**Task requirements**.
Return the lines of the data below starting at the one holding "フィールドにスポーンするタワ" and ending at the one holding "Praktisch ontwerp De", word for word, leaving every picture out.

**Supplied records**.
#####

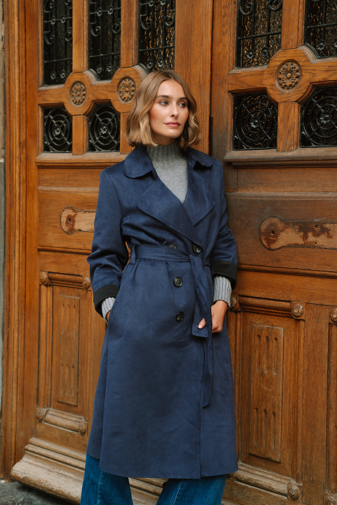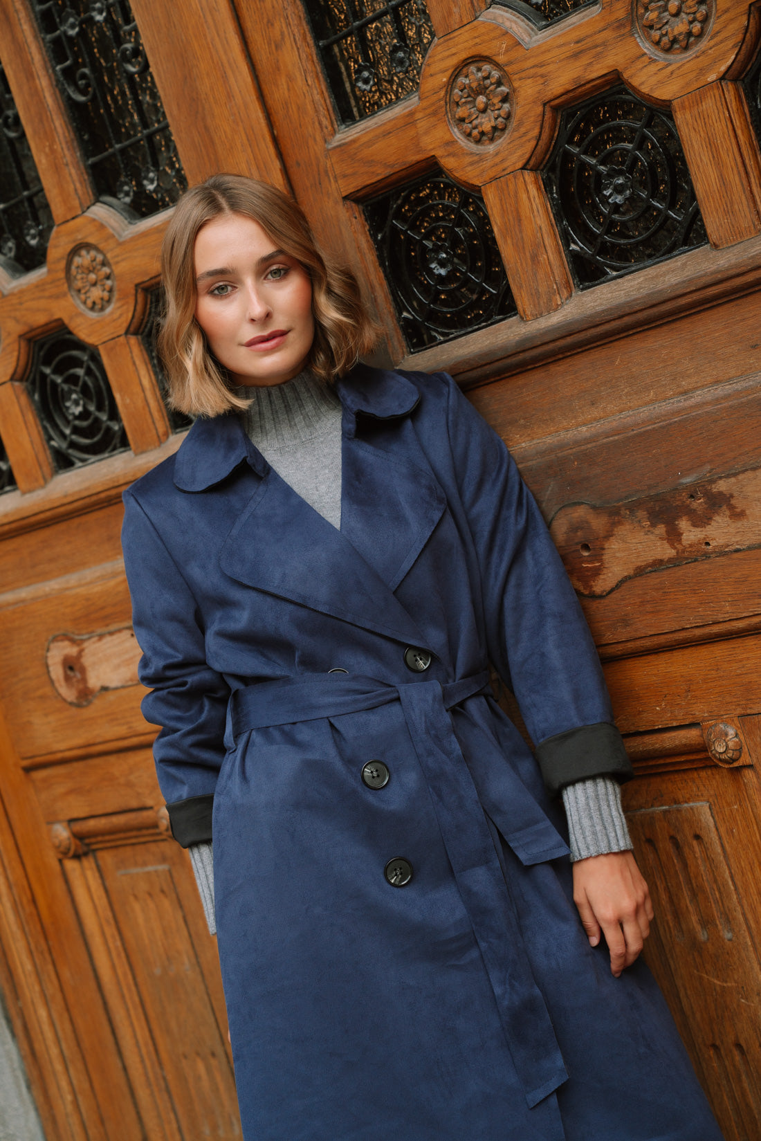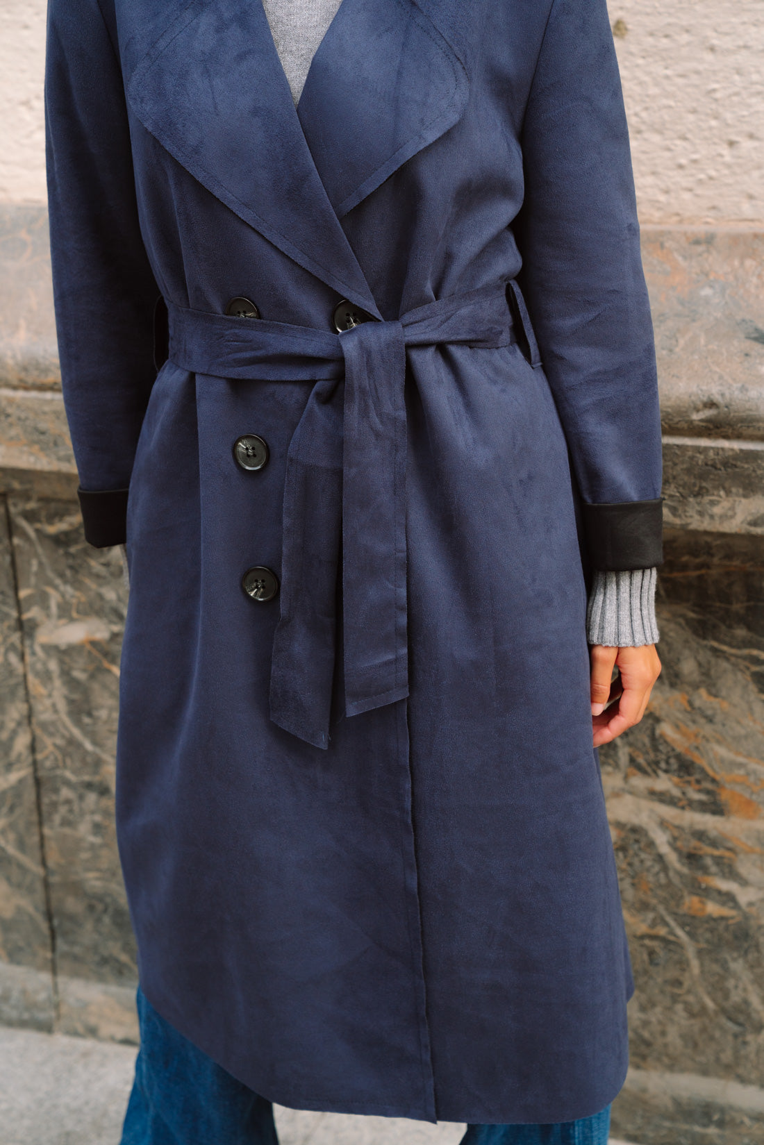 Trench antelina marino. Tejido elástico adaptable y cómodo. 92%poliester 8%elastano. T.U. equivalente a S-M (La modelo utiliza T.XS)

#####

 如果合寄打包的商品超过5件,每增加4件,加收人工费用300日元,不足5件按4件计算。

#####

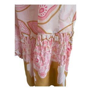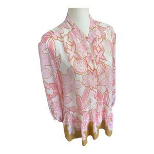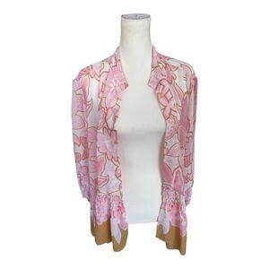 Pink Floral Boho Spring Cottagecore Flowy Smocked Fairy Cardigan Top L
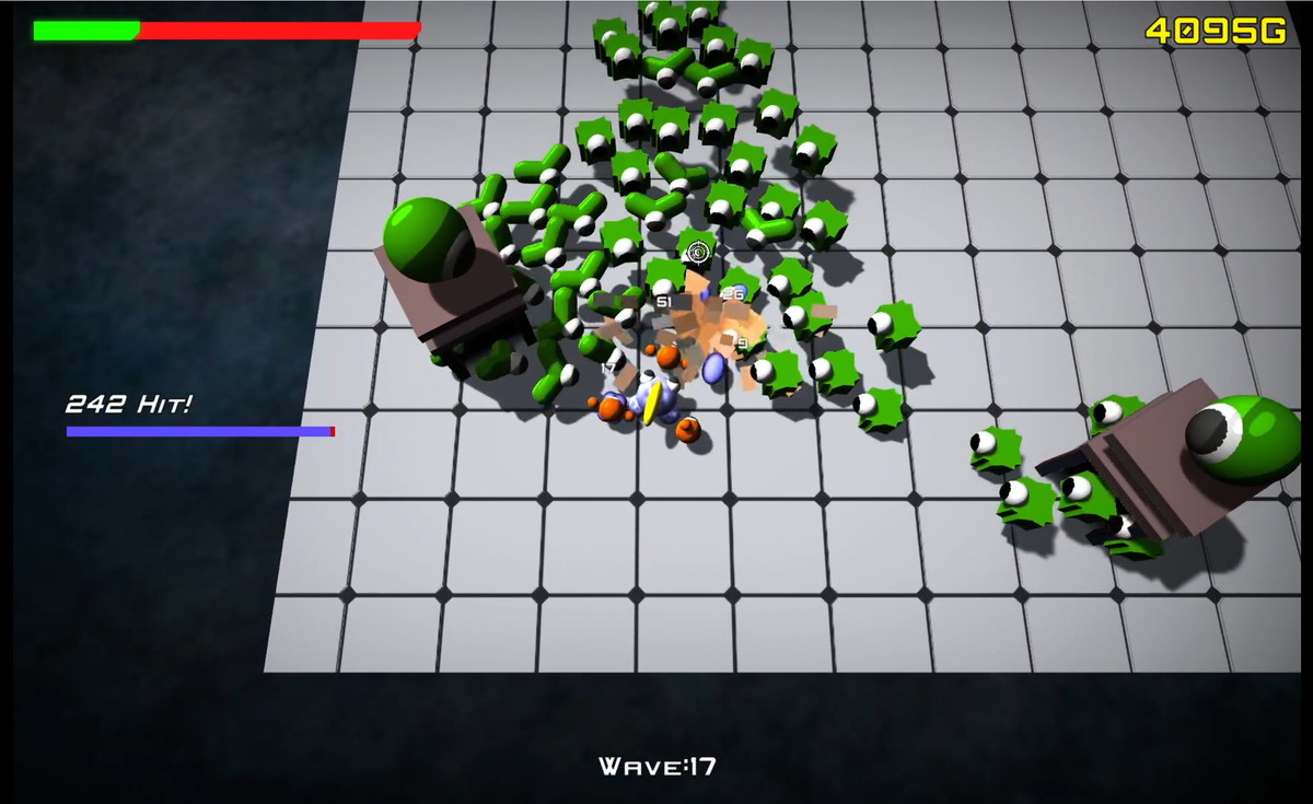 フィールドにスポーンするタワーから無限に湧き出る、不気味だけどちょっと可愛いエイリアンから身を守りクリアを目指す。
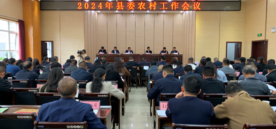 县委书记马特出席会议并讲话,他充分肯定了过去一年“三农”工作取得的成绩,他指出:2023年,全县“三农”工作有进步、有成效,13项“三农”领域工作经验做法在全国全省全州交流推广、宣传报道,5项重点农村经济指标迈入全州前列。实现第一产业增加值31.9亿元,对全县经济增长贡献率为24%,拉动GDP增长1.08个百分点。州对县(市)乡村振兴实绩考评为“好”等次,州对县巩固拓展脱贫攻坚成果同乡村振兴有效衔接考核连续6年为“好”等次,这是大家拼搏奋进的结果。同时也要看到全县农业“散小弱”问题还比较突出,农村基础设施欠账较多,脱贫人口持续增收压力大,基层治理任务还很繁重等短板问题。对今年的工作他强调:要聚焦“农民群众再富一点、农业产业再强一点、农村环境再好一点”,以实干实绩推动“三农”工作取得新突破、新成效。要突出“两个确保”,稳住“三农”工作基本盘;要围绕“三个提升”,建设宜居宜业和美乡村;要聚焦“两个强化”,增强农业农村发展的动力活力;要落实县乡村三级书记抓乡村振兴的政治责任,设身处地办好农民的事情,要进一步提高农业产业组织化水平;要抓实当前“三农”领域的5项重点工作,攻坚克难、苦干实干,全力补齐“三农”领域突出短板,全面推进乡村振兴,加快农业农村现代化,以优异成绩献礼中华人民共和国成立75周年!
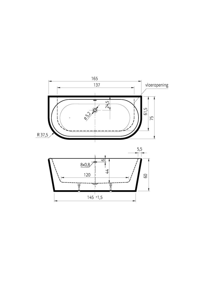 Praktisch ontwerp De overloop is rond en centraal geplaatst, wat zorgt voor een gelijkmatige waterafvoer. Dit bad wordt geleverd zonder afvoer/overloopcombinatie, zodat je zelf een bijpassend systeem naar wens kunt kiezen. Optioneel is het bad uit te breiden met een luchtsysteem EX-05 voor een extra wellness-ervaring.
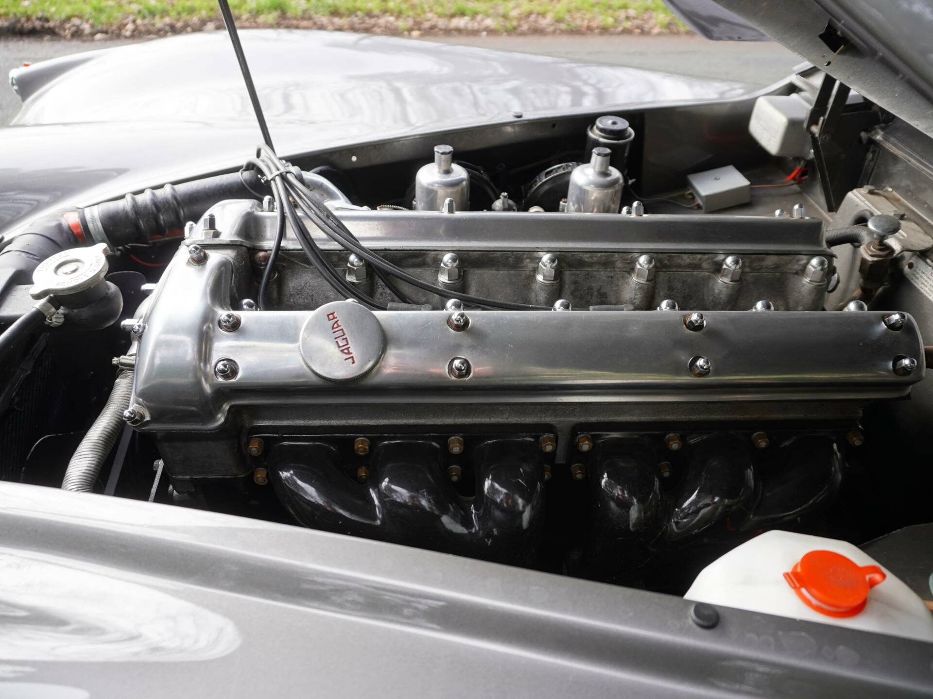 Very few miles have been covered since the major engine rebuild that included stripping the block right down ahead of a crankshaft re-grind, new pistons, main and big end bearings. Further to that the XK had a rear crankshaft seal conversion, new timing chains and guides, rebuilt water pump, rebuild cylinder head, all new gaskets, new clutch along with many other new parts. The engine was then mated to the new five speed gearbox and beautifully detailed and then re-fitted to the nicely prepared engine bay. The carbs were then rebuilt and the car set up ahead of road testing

#####

**Your solution**.
 フィールドにスポーンするタワーから無限に湧き出る、不気味だけどちょっと可愛いエイリアンから身を守りクリアを目指す。
 县委书记马特出席会议并讲话,他充分肯定了过去一年“三农”工作取得的成绩,他指出:2023年,全县“三农”工作有进步、有成效,13项“三农”领域工作经验做法在全国全省全州交流推广、宣传报道,5项重点农村经济指标迈入全州前列。实现第一产业增加值31.9亿元,对全县经济增长贡献率为24%,拉动GDP增长1.08个百分点。州对县(市)乡村振兴实绩考评为“好”等次,州对县巩固拓展脱贫攻坚成果同乡村振兴有效衔接考核连续6年为“好”等次,这是大家拼搏奋进的结果。同时也要看到全县农业“散小弱”问题还比较突出,农村基础设施欠账较多,脱贫人口持续增收压力大,基层治理任务还很繁重等短板问题。对今年的工作他强调:要聚焦“农民群众再富一点、农业产业再强一点、农村环境再好一点”,以实干实绩推动“三农”工作取得新突破、新成效。要突出“两个确保”,稳住“三农”工作基本盘;要围绕“三个提升”,建设宜居宜业和美乡村;要聚焦“两个强化”,增强农业农村发展的动力活力;要落实县乡村三级书记抓乡村振兴的政治责任,设身处地办好农民的事情,要进一步提高农业产业组织化水平;要抓实当前“三农”领域的5项重点工作,攻坚克难、苦干实干,全力补齐“三农”领域突出短板,全面推进乡村振兴,加快农业农村现代化,以优异成绩献礼中华人民共和国成立75周年!
 Praktisch ontwerp De overloop is rond en centraal geplaatst, wat zorgt voor een gelijkmatige waterafvoer. Dit bad wordt geleverd zonder afvoer/overloopcombinatie, zodat je zelf een bijpassend systeem naar wens kunt kiezen. Optioneel is het bad uit te breiden met een luchtsysteem EX-05 voor een extra wellness-ervaring.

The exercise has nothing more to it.